Le pire métier au monde. En 2012, le classement des emplois publié par Careercast.com et le Wall Street Journal a rendu un verdict sans appel. Deux cent métiers ont été passés au crible, allant du meilleur au moins attrayant, et en prenant en compte cinq critères différents: l’exigence physique, l’environnement de travail, le salaire, le stress et les perspectives d’embauche. Celui de journaliste apparaît à la 196e place. En Occident, le mythe est tombé de son piédestal. Le métier est désormais associé à la précarité. Les embauches se raréfient. C’est qu’internet est passé par là. La concurrence du web est rude aussi. En discutant avec des collègues canadiens à Montréal cette année, Bob Woodward, rédacteur en chef du Washington Post, 75 ans, mais toujours alerte, s’est rendu à l’évidence:
« L’impatience et la vitesse, voilà les maladies de la culture du Web dans laquelle nous vivons. On veut tout, tout de suite, en résumé. Tout est résumé, mais rien n’est compris ». L’instigateur du « Watergate », l’un des « Hommes du président » qui ont fait tomber Nixon, estime que pour faire face aux défis de ce siècle, « le journalisme doit être plus empirique et prendre son temps ». Les professionnels du pays ne sont pas épargnés par les différents questionnements qui surviennent à propos du métier. Ils font également face à la réticence d’un public lassé par la corruption qu’il pense avoir atteint la profession, mais qui en réalité gangrène toutes les forces productrices du pays.

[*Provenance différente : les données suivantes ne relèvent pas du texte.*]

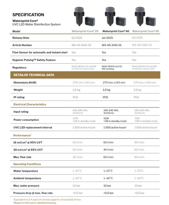Vodeni otisak Core® je naša najnaprednija UVC LED voda sustav za dezinfekciju, dizajniran i proizveden u Švedska s visokom kvalitetom, svestranošću, kompaktnošću dizajn i isplativost na umu.
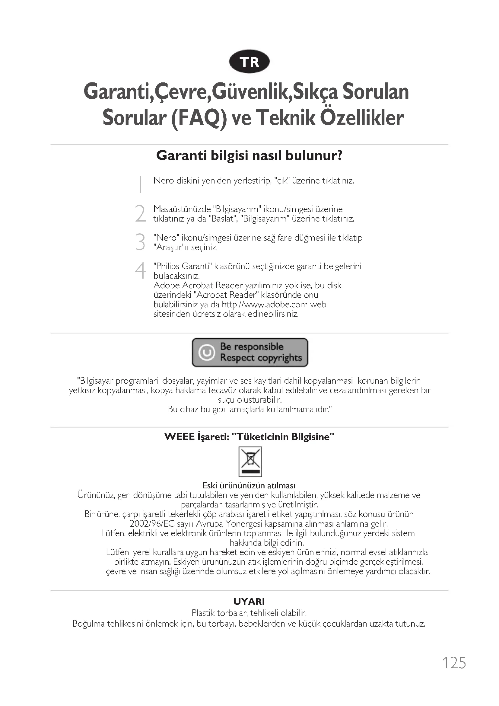 "Philips Garanti" klasörünü seçtiğinizde garanti belgelerini bulacaksınız. Adobe Acrobat Reader yazılımınız yok ise, bu disk üzerindeki "Acrobat Reader" klasöründe onu bulabilirsiniz ya da http://www.adobe.com web sitesinden ücretsiz olarak edinebilirsiniz. "Bilgisayar programlari, dosyalar, yayimlar ve ses kayitlari dahil kopyalanmasi korunan bilgilerin yetkisiz kopyalanmasi, kopya haklarna tecavüz olarak kabul edilebilir ve cezalandirilmasi gereken bir suçu olusturabilir. Bu cihaz bu gibi amaçlarla kullanilmamalidir." WEEE İşareti: "Tüketicinin Bilgisine" Eski ürününüzün atılması Ürününüz, geri dönüşüme tabi tutulabilen ve yeniden kullanılabilen, yüksek kalitede malzeme ve parçalardan tasarlanmış ve üretilmiştir. Bir ürüne, çarpı işaretli tekerlekli çöp arabası işaretli etiket yapıştırılması, söz konusu ürünün 2002/96/EC sayılı Avrupa Yönergesi kapsamına alınması anlamına gelir. Lütfen, elektrikli ve elektronik ürünlerin toplanması ile ilgili bulunduğunuz yerdeki sistem hakkında bilgi edinin. Lütfen, yerel kurallara uygun hareket edin ve eskiyen ürünlerinizi, normal evsel atıklarınızla birlikte atmayın. Eskiyen ürününüzün atık işlemlerinin doğru biçimde gerçekleştirilmesi, çevre ve insan sağlığı üzerinde olumsuz etkilere yol açılmasını önlemeye yardımcı olacaktır. UYARI Plastik torbalar, tehlikeli olabilir. Boğulma tehlikesini önlemek için, bu torbayı, bebeklerden ve küçük çocuklardan uzakta tutunuz. Garanti,Çevre,Güvenlik,Sıkça Sorulan Sorular (FAQ) ve Teknik Özellikler TR126 Sıkça Sorulan Sorular (FAQ) Soru 1: Windows 98 Second Edition (İkinci Sürüm) PC’im ve bilgisayarımda CDROM aygıtı yok ancak bir başka PC’im var. Sürücülerin kurulumunu nasıl yapabilirim?
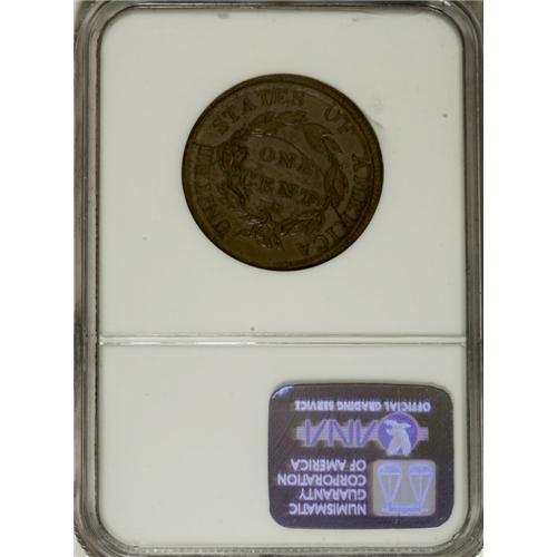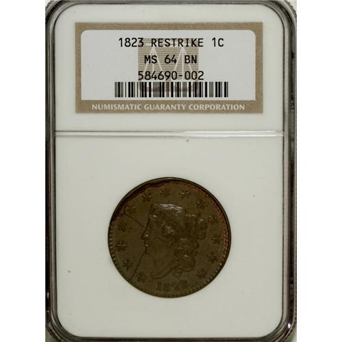 <B>1823 1C Restrike MS64 Brown NGC.</B></I> N-3, R.2. A chocolate-brown example with glimpses of mint red near the obverse rim. This a circa-1862 out-of-mint production struck from broken and rusted Mint dies discarded as scrap metal. The reverse die was formerly used to strike 1813-dated coins. Lightly hairlined, but moderately prooflike and attractive. EAC 60.<BR><BR><b>Shipping:</b> Coins & Currency (<a target="_blank" href="http://www.heritageauctions.com/common/shipping.php">view shipping information</a>)
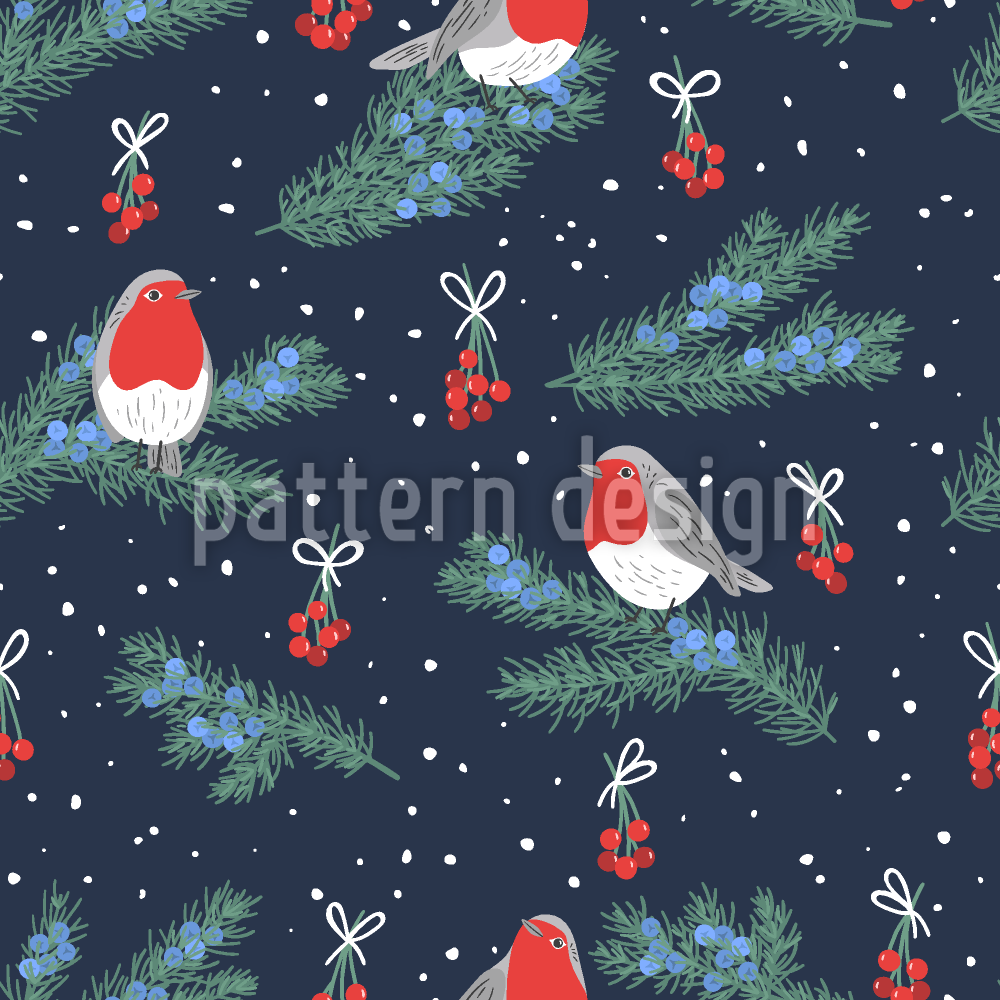 | 説明 | 斑点のある背景にジュニパーの小枝とコマドリのシームレスパターン。 | ||
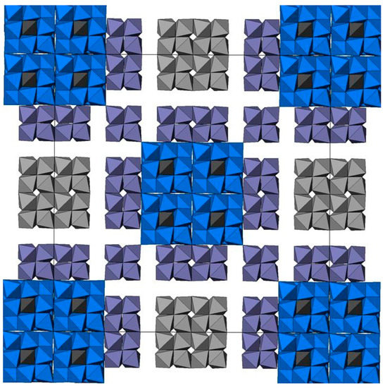 Combination of murataite 3C (blue)–pyrochlore (gray) modules and pyrochlore-type blocks (violet) in the structure of murataite 8C polysome.
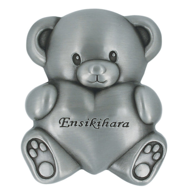 Nallen muotoinen rasia ensikiharalle Teksti ruotsinkielinen: Min första lock
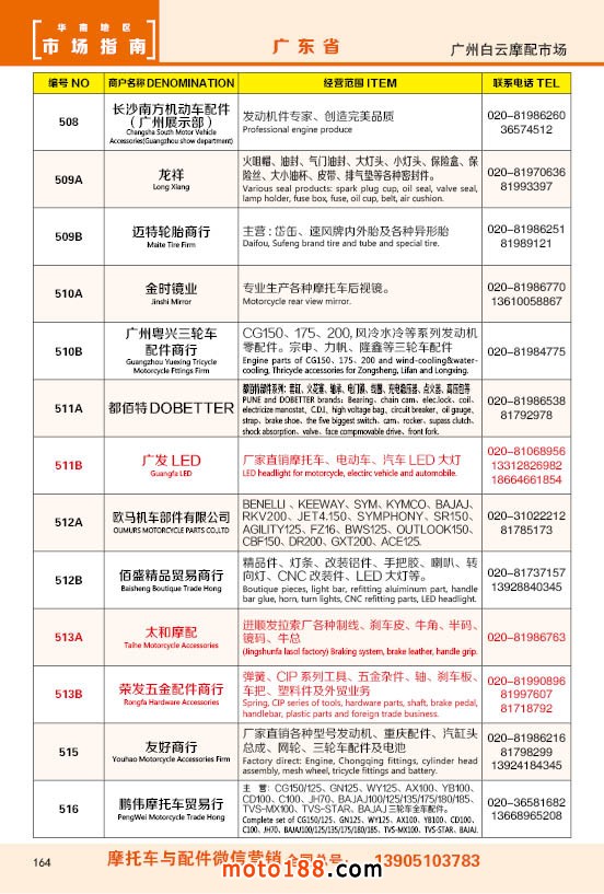 內(nèi)164 廣州市白云摩配市場(chǎng)商戶
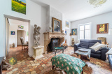 Grand séjour de 45m², belle hauteur sous plafond, belle cheminée contenant désormais un poële à bois (tubé).
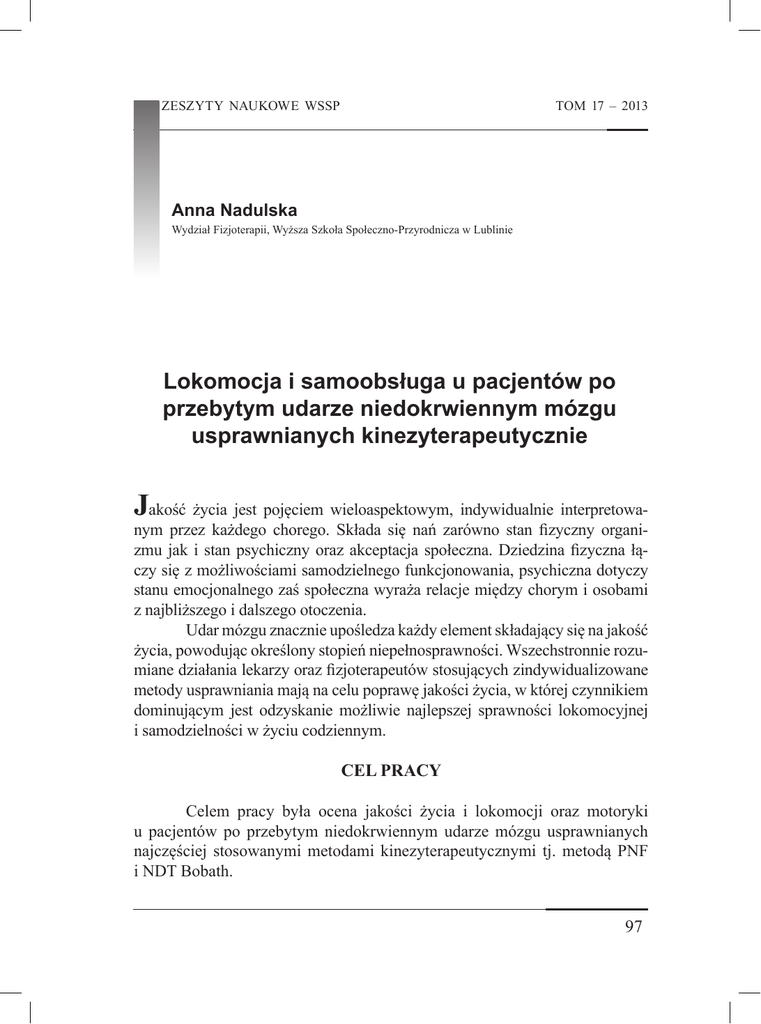 ZESZYTY NAUKOWE WSSP TOM 17 – 2013 Anna Nadulska Wydział Fizjoterapii, Wyższa Szkoła Społeczno-Przyrodnicza w Lublinie Lokomocja i samoobsługa u pacjentów po przebytym udarze niedokrwiennym mózgu usprawnianych kinezyterapeutycznie Jakość życia jest pojęciem wieloaspektowym, indywidualnie interpretowa- nym przez każdego chorego. Składa się nań zarówno stan fizyczny organizmu jak i stan psychiczny oraz akceptacja społeczna. Dziedzina fizyczna łączy się z możliwościami samodzielnego funkcjonowania, psychiczna dotyczy stanu emocjonalnego zaś społeczna wyraża relacje między chorym i osobami z najbliższego i dalszego otoczenia. Udar mózgu znacznie upośledza każdy element składający się na jakość życia, powodując określony stopień niepełnosprawności. Wszechstronnie rozumiane działania lekarzy oraz fizjoterapeutów stosujących zindywidualizowane metody usprawniania mają na celu poprawę jakości życia, w której czynnikiem dominującym jest odzyskanie możliwie najlepszej sprawności lokomocyjnej i samodzielności w życiu codziennym. CEL PRACY Celem pracy była ocena jakości życia i lokomocji oraz motoryki u pacjentów po przebytym niedokrwiennym udarze mózgu usprawnianych najczęściej stosowanymi metodami kinezyterapeutycznymi tj. metodą PNF i NDT Bobath. 97 ANNA NADULSKA MATERIAŁ I METODYKA Materiał badawczy stanowiła grupa 50 osób po przebytym udarze niedokrwiennym mózgu skierowanych po zakończonej hospitalizacji, na dalszą (3-tygodniowe kursy) rehabilitację do wyspecjalizowanych ośrodków rehabilitacyjnych w szpitalu lub przychodniach na terenie Lublina i okolic. Pacjenci dobrani do badań przed wystąpieniem choroby wykazywali zupełną samodzielność i niezależność w wykonywaniu czynności życia codziennego. Kolejnym kryterium doboru była możliwość nawiązania kontaktu werbalnego z chorym w celu wypełnienia ankiety badawczej. Narzędziem badań był kwestionariusz ankiety autorskiej składający się z czterech części: I -metryczkowej zawierającej dane osobowe i ocenę ogólnego stanu zdrowia; części II dotyczącej rehabilitacji podczas hospitalizacji- doboru, czasu trwania i intensywności działań kinezyterapeutycznych; części III składającej się z pytań dotyczących oceny aktualnych problemówstopnia niedowładu, zaburzeń w mowie i jej rozumieniem, trudności z samodzielnym spożywaniem pokarmów, kontrolą mikcji i defekacji, zaburzeń pamięci, koncentracji i afektu, czucia lęku, depresji (pacjent miał możliwość wielokrotnego wskazania problemu); części IV oceniającej stan sprawności i samopoczucie po przebytej rehabilitacji-poprawa w poruszaniu się, utrzymaniu równowagi, konieczność stosowania środków zaopatrzenia ortopedycznego, nastrój oraz jakie metody usprawniające były stosowane podczas rehabilitacji i czy pacjent akceptował stosowaną metodę. Ankieta składała się łącznie z 30 pytań. Wyniki zbiorcze badań zestawiono w tabelach. OMÓWIENIE WYNIKÓW BADAŃ Przeprowadzone badania wykazały, że pogorszenie jakości życia związane jest z upośledzeniem czynności motorycznych i lokomocyjnych. Usprawnianie metodami kinezyterapeutycznymi znacząco wpłynęło na poprawę motoryki. W badaniach uczestniczyły osoby w wieku od 34 do 68 lat, w nieznacznej większości (27 osób) byli to mężczyźni. Wśród ankietowanych 76% było aktywnych zawodowo (ponad połowa to pracownicy umysłowi), reszta nie pracowała z powodu przejścia na emeryturę. Ogólny stan zdrowia po epizodzie udaru przed podjęciem terapii specjalistycznymi metodami kinezyterapeutycznymi był oceniany przez większość pacjentów jako zły - 66% ankietowanych (tab.1). 98 LOKOMOCJA I SAMOOBSŁUGA U PACJENTÓW Tab. 1. Ocena stanu zdrowia przed działaniami rehabilitacyjnymi Stan zdrowia Odsetek badanych ( %) zły 66 dobry 28 bardzo dobry 6 Najczęstszym powikłaniem w następstwie udaru był niedowład częściowy oraz występujący rzadziej niedowład połowiczy. Niewielki odsetek stanowili pacjenci u których niedowład nie wystąpił (tab.2). Tab.2. Następstwa udaru w zakresie układu ruchu Skutek udaru Odsetek badanych (%) częściowy niedowład 81 całkowity niedowład 8 brak niedowładu 10 Wśród trudności ruchowych najczęściej zgłaszanych przez pacjentów dominowały problemy ze wstawaniem z łóżka, utrzymaniem pionowej postawy i równowagi, z samodzielnym spożywaniem posiłków, poruszaniem się, z wchodzeniem po schodach i inne (tab. 3). Każdy z pacjentów mógł udzielić więcej niż jednej odpowiedzi dlatego odsetki odpowiedzi nie sumują się. Tab.3. Najczęstsze zgłaszane przez pacjentów trudności Trudność codzienna Odsetek badanych (%) wstawanie z łóżka 90% utrzymanie równowagi 90 samodzielne spożywanie 75 posiłków chodzenie po schodach 90 samodzielne poruszanie się 90 korzystanie z toalety 85 zabiegi higieniczne 85 ubieranie się 78 pisanie 46 99 ANNA NADULSKA Ze względu na dość znacznego stopnia niesprawność ruchową pacjenci wymagali zaopatrzenia ortopedycznego wspomagającego chodzenie. w tym celu najczęściej stosowano laskę łokciową lub pachową, balkonik, ortezę, wózek inwalidzki (tab.4). Tab.4. Najczęściej używane środki zaopatrzenia ortopedycznego stosowane przez chorych przed rehabilitacją Stosowane zaopatrzenie ortopedyczne Odsetek badanych (%) laski 67 balkonik 13 orteza 3 wózek inwalidzki 7 nie stosuję 10 Udar mózgu wywołując niesprawność fizyczną spowodował u 86% pacjentów konieczność rezygnacji z pracy zarobkowej oraz znacznego stopnia ograniczenie kontaktów towarzyskich. Wpłynęło to niekorzystnie na samopoczucie będąc przyczyną pogorszenia nastroju lub depresji tab.5 Tab.5. Następstwa psychofizyczne i ekonomiczne udaru Następstwa Odsetek badanych (%) pogorszenie sprawności 100 rezygnacja z pracy zarobkowej 86 osłabienie kontaktów towarzyskich 54 osłabienie więzi rodzinnych 13 rezygnacja z aktywności sportowej 10

Et pourtant, ceux « peut-être les plus courageux » qui continuent à faire ce métier balaieront toutes ces pensées négatives d’un revers de la main. Ils évoqueront Albert Londres, qui aura eu cette chance immense de témoigner sur son époque en parcourant la planète. Ils vous raconteront les rencontres, les mille vies qu’ils auront parcourues, les histoires à hauteur d’homme, les pleurs refoulés et les joies contenues, les peurs qui sont tues. Ils raconteront avec enthousiasme ce métier qui leur fait quitter trop souvent maris, femmes et enfants. Parce qu’il se vit véritablement, pleinement et feront dire à beaucoup d’entre eux: quand je suis journaliste, je sors de ma propre vie. J’ai l’impression d’en avoir plusieurs. J’ai l’impression d’exister un peu plus. Bob Woodward reste encore celui qui sait trouver les mots pour le dire: « Si un Martien passait un an sur Terre et retournait sur Mars et qu’on lui demandait qui occupe le meilleur emploi là-bas, il répondrait le journaliste ! »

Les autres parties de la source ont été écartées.